REPUBLIKA.CO.ID, JAKARTA -- Bank Indonesia (BI) menaikan BI Rate menjadi 7,5 persen dengan tujuan mengurangi defisit transaksi berjalan. Pengamat menilai langkah tersebut tidak akan berhasil, apalagi mengurangi impor minyak dan gas, beban utama dalam transaksi berjalan.
Ekonom Institute for Development of Economics and Finance (Indef), Ahmad Erani Yustika, mengatakan selama ini BI Rate tidak terbukti dapat mengurangi defisit transaksi berjalan. "Tidak ada hubungan yang kuat antara kenaikan BI Rate dan transaksi berjalan," ujar Erani, Rabu (13/11).
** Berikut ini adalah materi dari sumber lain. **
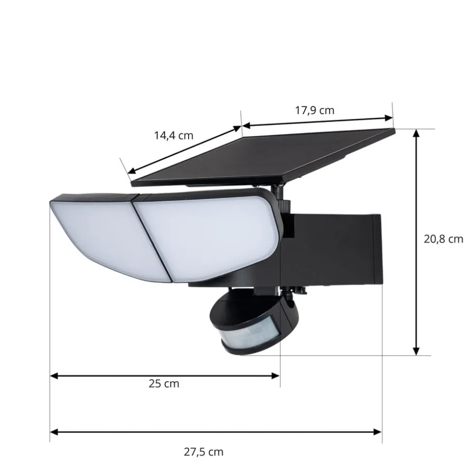 LED-solcellevæglampe Naelin er et fremragende valg for alle, der har brug for pålidelig og energieffektiv belysning til udendørs brug. Denne lampe er udstyret med varmhvide LED’er, der afgiver et behageligt og hyggeligt lys og dermed skaber en indbydende atmosfære i haven, på terrassen eller i indgangsområdet. LED-lampen har en integreret bevægelsessensor, der sikrer, at lampen tændes automatisk, når der registreres bevægelse i området.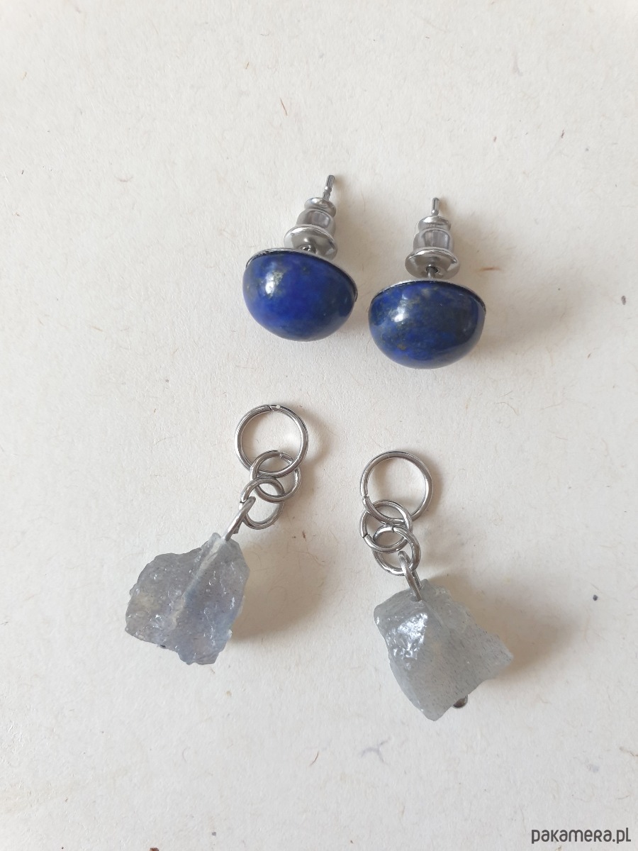 Wymiary: długość całego kolczyka z kamieniami ok 3,5 cm, średnica oczka lapisu ok 1 cm, wielkość surowego kamienia ok. 1/1 cm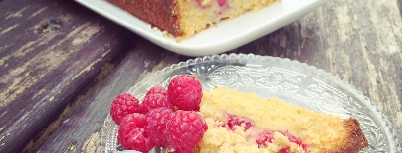 Cake gourmand, crumble, framboises, chocolat blanc.
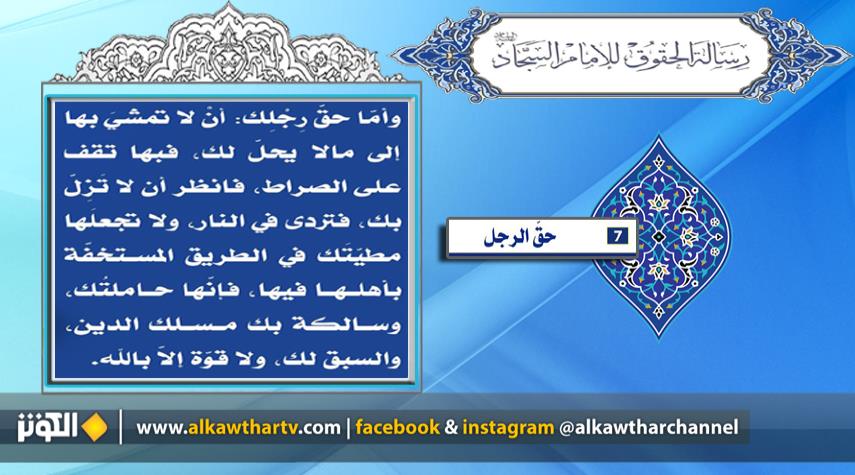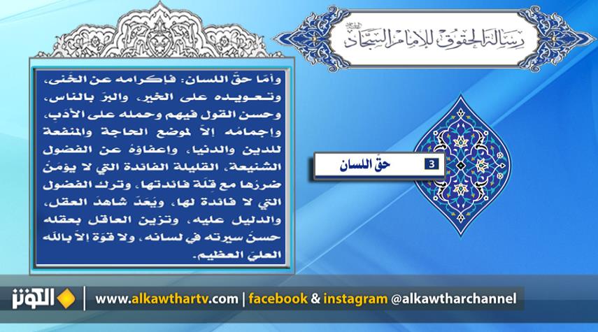 خاص الكوثر _اسلاميات: رسالة الحقوق وهي عبارة عن مجموعة بنود كتبها الإمام علي بن الحسين حفيد علي بن أبي طالب وفاطمة بنت رسول الله في الإسلام إثر مقتل والده الحسين بن علي في واقعة الطف بكربلاء .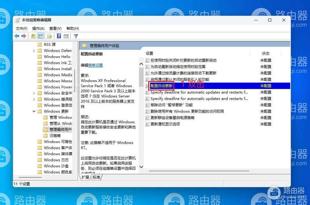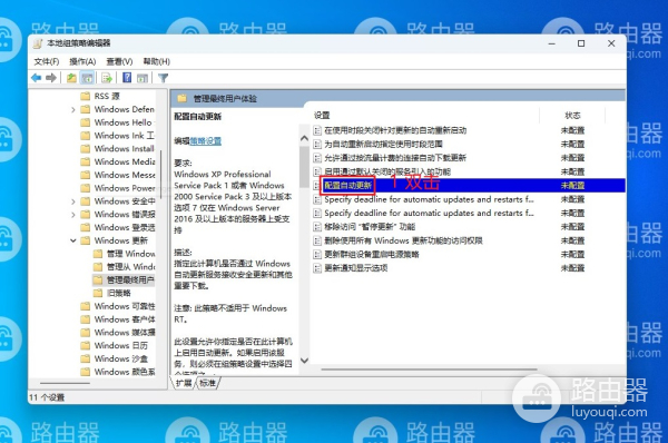 9、在本地组策略编辑器在左侧区域,依次展开“计算机配置 -> 管理模块 -> Windows组件 -> Windows更新 -> 管理用户最终体验”路径。

Alih-alih memperbaiki transaksi berjalan, Erani mengatakan, kenaikan BI Rate akan mengganggu sektor riil dan menurunkan investasi. "Seandainya problem transaksi berjalan bisa ditanggulangi tapi korbannya pertumbuhan ekonomi dan investasi, itu artinya menyelesaikan masalah dengan masalah baru," ujarnya.
Menurut dia, cara terbaik untuk mengatasi defisit transaksi berjalan dan impor migas adalah dengan kebijakan dari pemerintah, misalnya dengan kebijakan harga minyak, impor, diversifikasi pasar dan meningkatkan daya saing ekonomi nasional.
Ia mengatakan saat ini waktunya pemerintah untuk melakukan pekerjaannya. "BI merasa sendirian, makanya BI mengambil langkah ini. BI tidak salah, tetapi BI seharusnya bilang ke pemerintah kalau ini adalah tugas pemerintah," ujarnya.
Ia juga mengatakan bahwa kenaikan BI Rate bisa jadi merupakan sinyal politik dari BI bahwa pemerintah tidak bekerja.